A senhora da qual falamos neste instante não aparentava
a idade que tinha. No último aniversário, comemorou 63 anos.
Sim, estimado(a) leitor(a), havia marcas, não só em seu rosto,
mas também no corpo, da chegada da velhice. Entretanto, podes
crer ou não, a impressão, assim como esta pequena observação,
são minhas, o vai-e-vem do sorriso parecia funcionar como
alongamento facial. E, nesta ginástica, seu semblante foi
favorecido, do mesmo modo que a pele, cuja palidez parece ter
sido conseguida pelo uso constante de protetor solar. Era
franzina; parecia uma fina escultura de vidro. Difícil até para
abraçar.
Mas seus dotes físicos se escondiam em suas atitudes:
gostava de cuidar de si e dos outros. Dos outros quando era
solicitada. E foi dessa maneira que descobriu um singular dom:
podia se comunicar com feijões em busca de soluções para
diversas situações. A quem não agradou a leitura desta última
frase, peço perdão. Prossigamos. Lídia Feitora convidara uma
amiga para almoçar em sua casa.
Marlene estava em grande aflição: engravidara não sabia
de quem, aos dezoito anos recentemente completados, no início
da carreira profissional, registrada há apenas um mês e meio.
Tinha uma família humilde e conservadora. Esta última qualidade
era o motivo da lamentação, pois chegava ao extremo. Os pais só
liberaram o namoro aos dezessete anos, mas ela descobrira as
delícias dos encontros aos doze. Ou seja, a gravidez foi uma
pequena catástrofe. Pequena para o pai da criança. Catástrofe
para ela. Sempre prendada e muito ocupada com os estudos, sua
reputação era irrepreensível para a família. Até aquele
momento.
Marlene Costa Brava era a amiga convidada de Lídia para
o almoço. A grávida encontrou em Feitora um porto seguro, uma
pessoa confiável, visto que foi das poucas que não alardeou sua
situação; nem a recriminou por isso. Enquanto almoçavam,
Marlene pediu uma solução para a nova amiga.

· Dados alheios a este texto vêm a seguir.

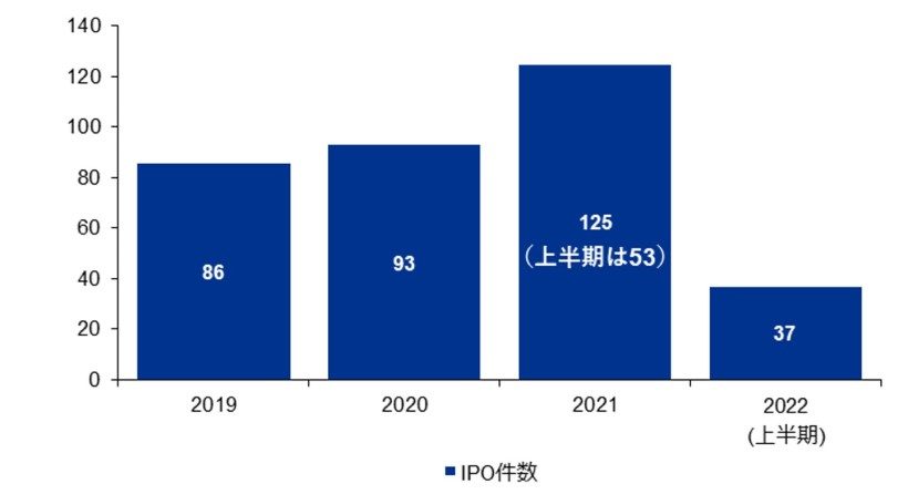 本年のグローバルの資本市場環境は荒れ模様であり、本邦でもIPOの件数は、過去最高水準の125社であった昨年(上半期で53件)と比較し減少している。例年、下半期は上半期と比べ件数は多く、本年はまだ期は終わってはいないが、昨年との比較では低調となっている。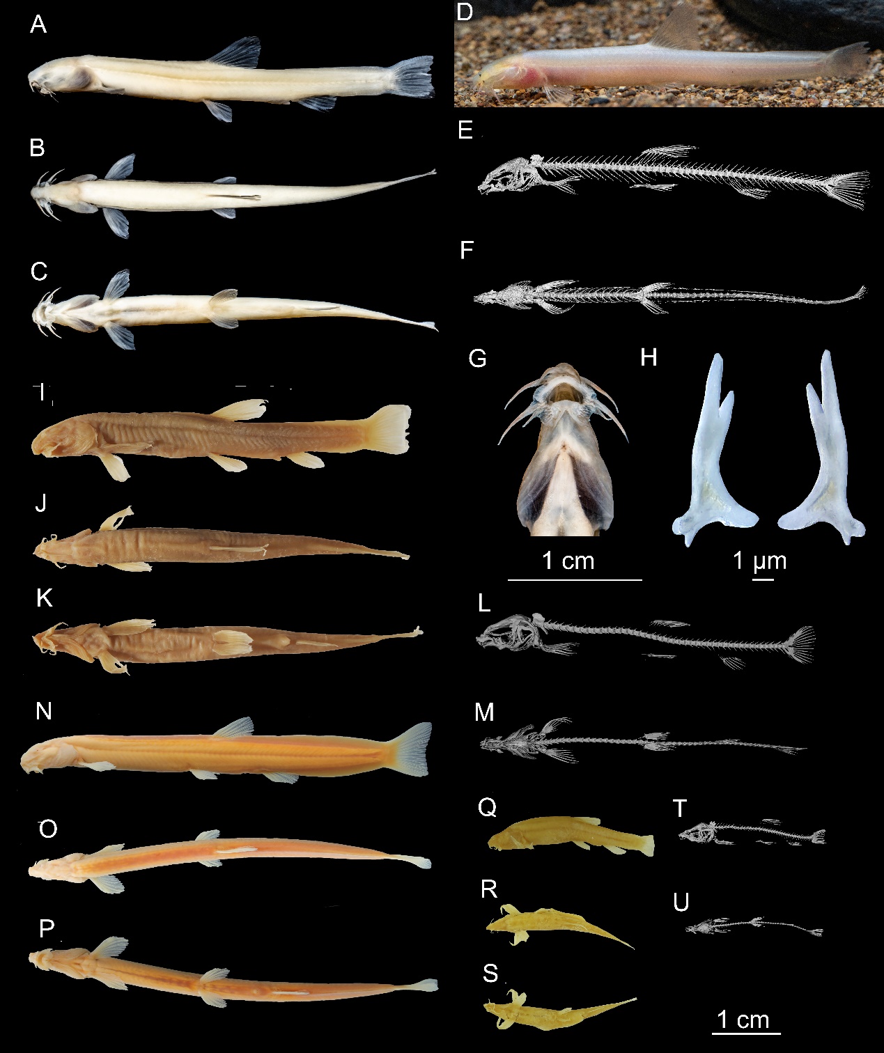 图A–H, 长肋原花鳅; I–K, 无眼原花鳅N–P, 前腹原花鳅. Q–U, 多鳞原花鳅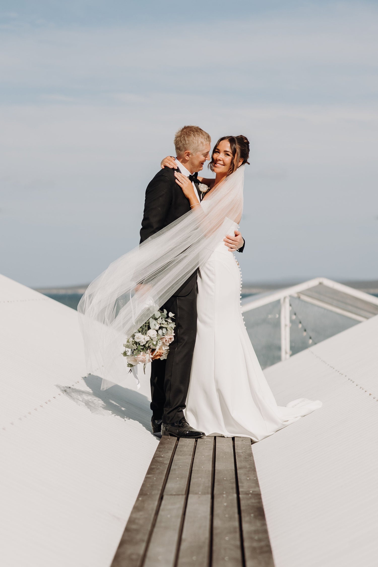 Glowing radiantly in her Tina Gown, Georgia and Nathan begin a lifetime together hand in hand, strolling off into the setting sun.
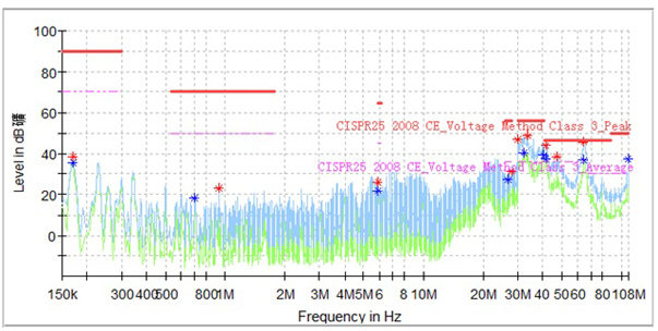 由于電機(jī)控制器傳導(dǎo)發(fā)射低壓側(cè)只要求測試12V/24V電源線,并不直接測試DCDC輸出線,故推測6.1M干擾是DCDC模塊通過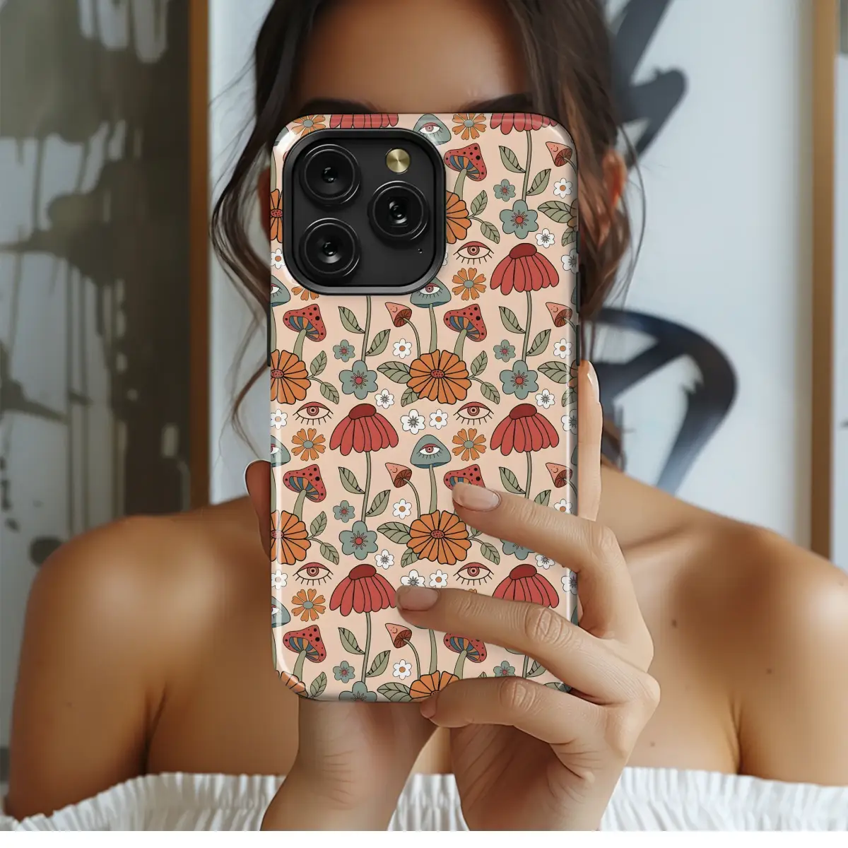 Channel your inner flower child and get lost in a groovy, enchanted garden every time you reach for your daily essential. This whimsical 70s-inspired design is a tapestry of pure retro magic, perfect for the bohemian soul with a love for all things funky and floral. Wise, all-seeing mushrooms in dusty teal and terracotta stand tall amongst blooming retro flowers, their caps adorned with watchful eyes that add a touch of mystical, evil eye protection to your vibe. Floating between the groovy orange and blue blossoms, these cosmic guardians are scattered throughout a field of cheerful daisies, all set against a warm, peachy-cream backdrop. It's a vibrant, psychedelic dreamscape rendered in an earthy palette of burnt orange, sage green, and vintage red. This isn't just an accessory; it's a piece of wearable art, a personal talisman that infuses your tech with indie aesthetic and cottagecore charm. Let this trippy, botanical pattern be a constant reminder to stay curious and embrace the magic in the mundane, making it the perfect unique gift for her or a groovy treat for yourself. Wrap your world in a little bit of seventies soul and let your free spirit shine.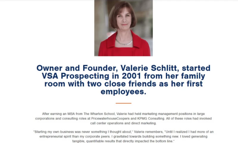 VSA has developed a phenomenal reputation for setting qualified appointments with hard to reach decision makers for their client's sales efforts. The firm has grown primarily through referrals and client retention. There is very low staff turnover, so there is a base of experience built over the years for VSA's clients. The dedication and work ethic of Valerie and the VSA staff is second to none. "Jeanne Sullivan's Review Sourced from Google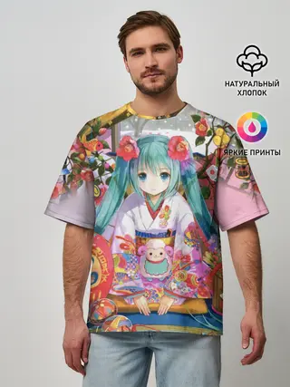 Мужская футболка оверсайз / Окно Mika Hatsune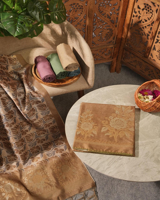 Cedar Brown Jamdani Muga Cotton Unstitched Suit Set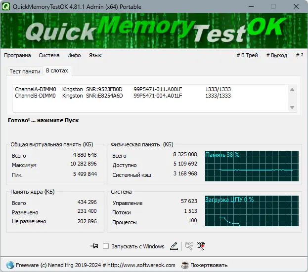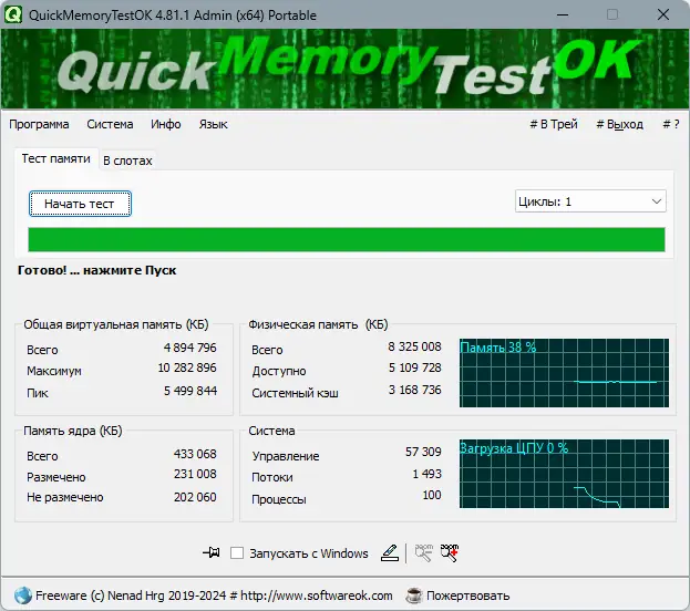 QuickMemoryTestOK — это компактная утилита для диагностики оперативной памяти, позволяющая быстро выявить сбои и нестабильность в работе RAM. Программа помогает определить, является ли память источником системных ошибок, зависаний или синих экранов, а также отслеживает поведение системы под высокой нагрузкой.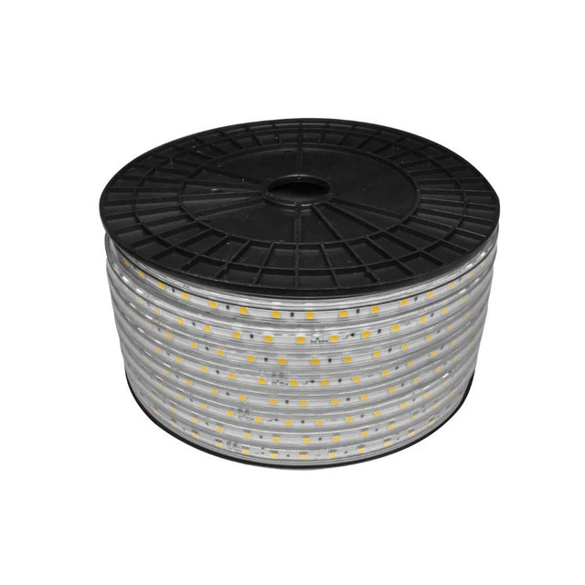 Tira de LED extraplana en rollo de 50 metros con chip tipo 5050 (60 LEDs/metro). Emite luz blanco neutro (4000K, estimado), es atenuable y opera directamente a 127V CA. Su grado de proteccion IP65 la hace resistente a polvo y chorros de agua, ideal para uso en exteriores o areas humedas. El articulo se ofrece HASTA AGOTAR EXISTENCIAS y se conserva como referencia.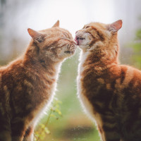 На снимке изображены два молодых котята табби. Один из котят облизывает лицо компаньона, пока они сидят рядом. Они кажутся снаружи, о чем свидетельствует естественный свет и наружная обстановка. Котята участвуют в игривом или ласковом взаимодействии, типичном для кошачьего поведения.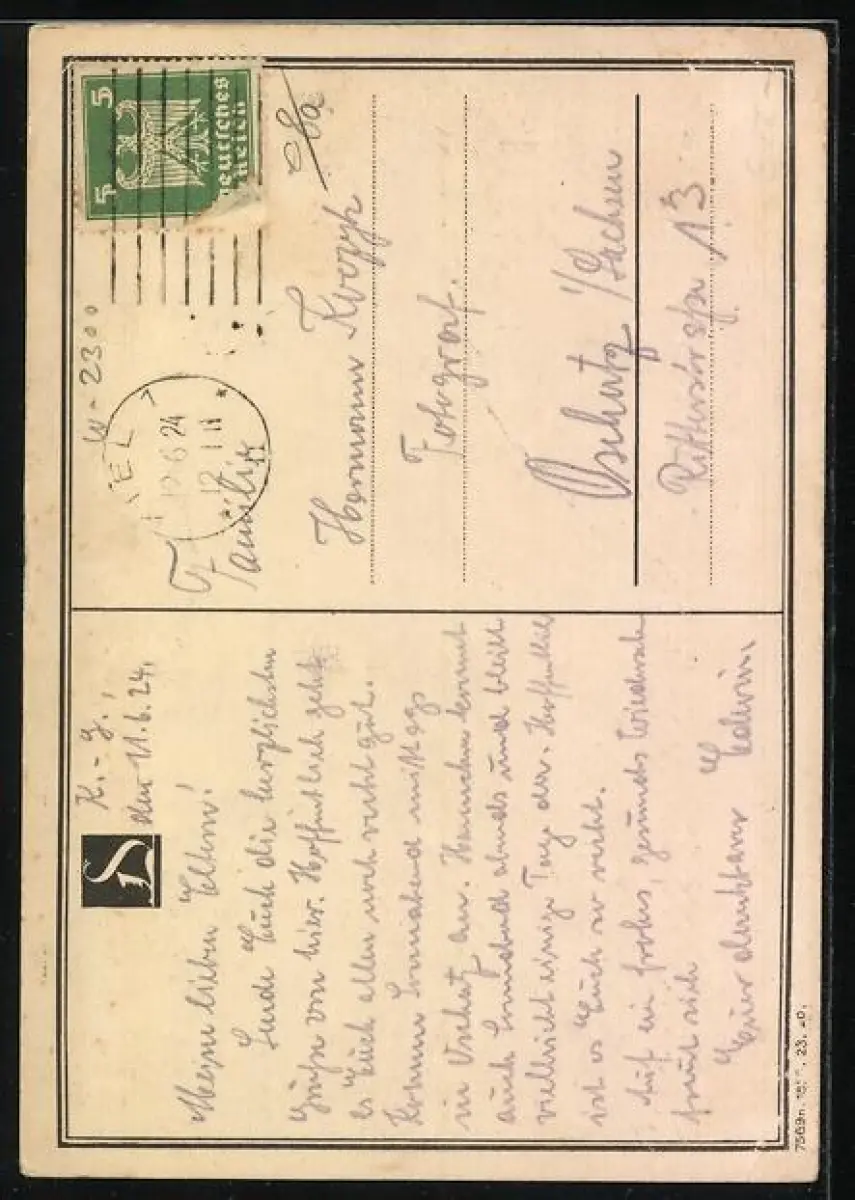 alte Ansichtskarte, gelaufen 1924, Eckknicke rechts, guter Zustand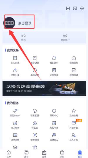 1、打卡ECOSteamapp,在最右下方找到我的。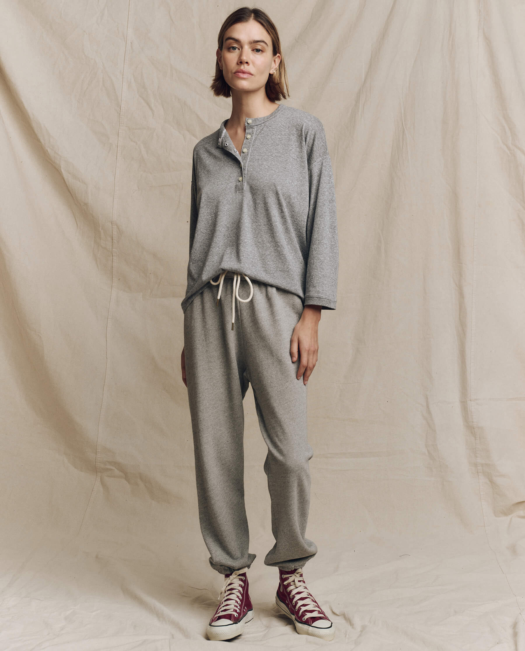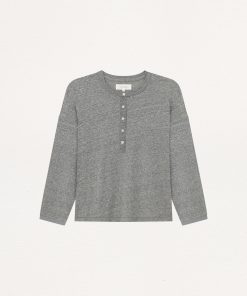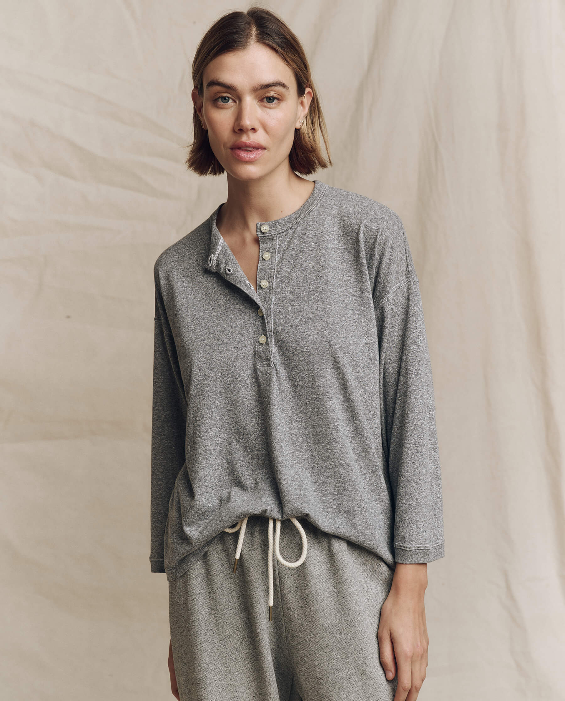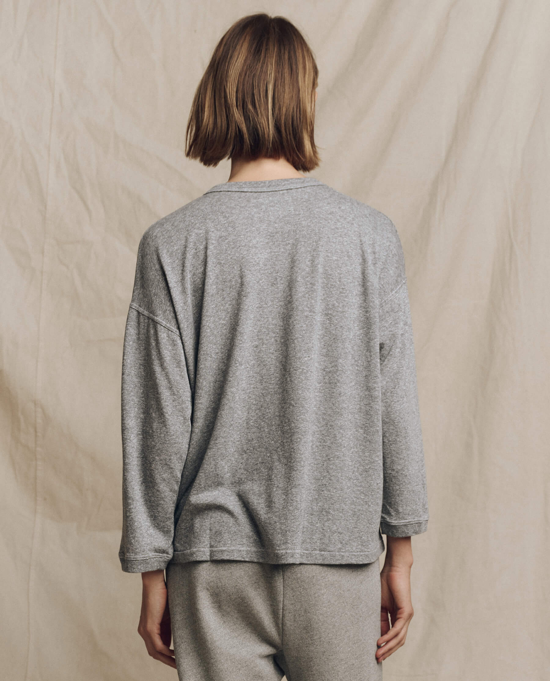 Inspired by a boxy boyish henley, we tinkered with the proportions of this beloved style for a more flattering fit. This classic shape features a crew neckline with a deep button placket, classic shirting buttons, a dropped shoulder, and a sleeve length that hits just above the wrist. Handcrafted locally in Los Angeles, our process ensures beauty and uniqueness—no two pieces are alike.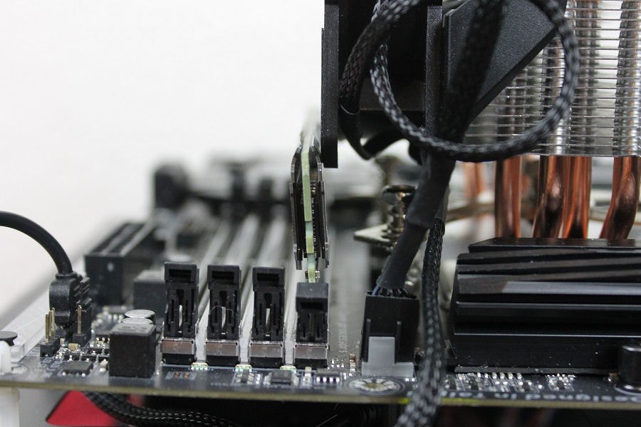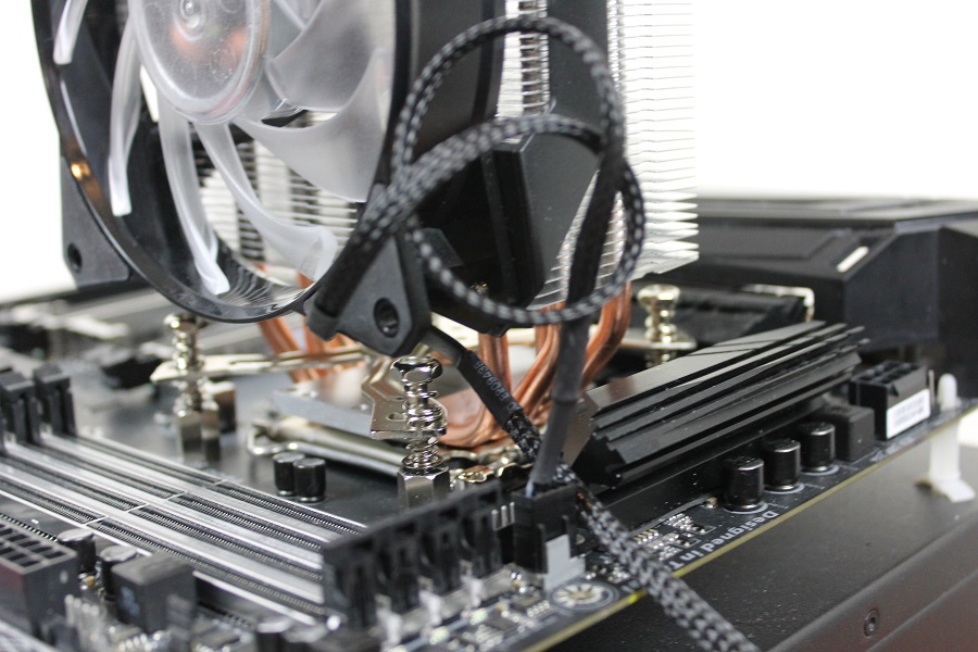 Het enige wat nog moet gebeuren is het plaatsen en aansluiten van de ventilator. De meegeleverde ventilator is al voorzien van clips dus het is een kwestie van de ventilator op het blok klikken en klaar. Daarna moeten de connectoren van de 4-pins PWM aansluiting en RGB aansluiting nog op het bord geprikt worden. In dit voorbeeld wordt er gebruik gemaakt van een verloopkabel voor de RGB aangezien het bord een RGBW connector heeft. Let overigens wel op de geheugenbanken. Als de ventilator normaal geplaatst wordt is de eerste bank niet bruikbaar tenzij je het geheugen onder druk wilt zetten. Kijk hierbij uit wanneer je alle geheugensloten in gebruik hebt. Het geheel ziet er strak uit.

A resposta
recebida não foi exatamente a que ela precisava ouvir, porém
não chegou a ser uma esquivança. E aqui chegamos ao início da
história de dona Lídia Feitora Silva. Esta ouviu, curiosa, o pedido
da outra; foi este, exatamente: “Você podia tirar minha sorte,
sei lá, lendo alguma coisa, esses feijões que estão no prato”. Elas
se entreolharam. A seriedade das pupilas logo foi substituída por
gargalhadas sinceras. Marlene agradeceu pelo almoço, e pela
conversa, e pela amizade também. Despediu-se e seguiu seu
rumo, enquanto a anfitriã pôs-se a arrumar a casa. A frase de sua
convidada ficou latejando em sua cabeça, mas ela não deu
importância. Engoliu um comprimido de paracetamol e deitou.
Em vão. Seus sonhos foram invadidos por feijões, panelas, água,
temperos e todo aparato utilizado para preparar uma boa
feijoada. Levantou-se da cama às 03h54m18s. A madrugada de
janeiro estava bastante agradável. Passeou de um lado para o
outro e foi parar na cozinha, com a intenção de adiantar algum
serviço posterior, embora estivesse sonolenta. Sentou-se; e
quando abriu um pouco mais os olhos reparou que à sua frente
estavam uma panela e um pacote de feijão. Estranhou um pouco
a situação, deu um muxoxo e pensou em se divertir um pouco: já
que estava com a faca e o queijo na mão, consultaria a sorte
reservada a Marlene. Isso mesmo, ela se lembrou da amiga.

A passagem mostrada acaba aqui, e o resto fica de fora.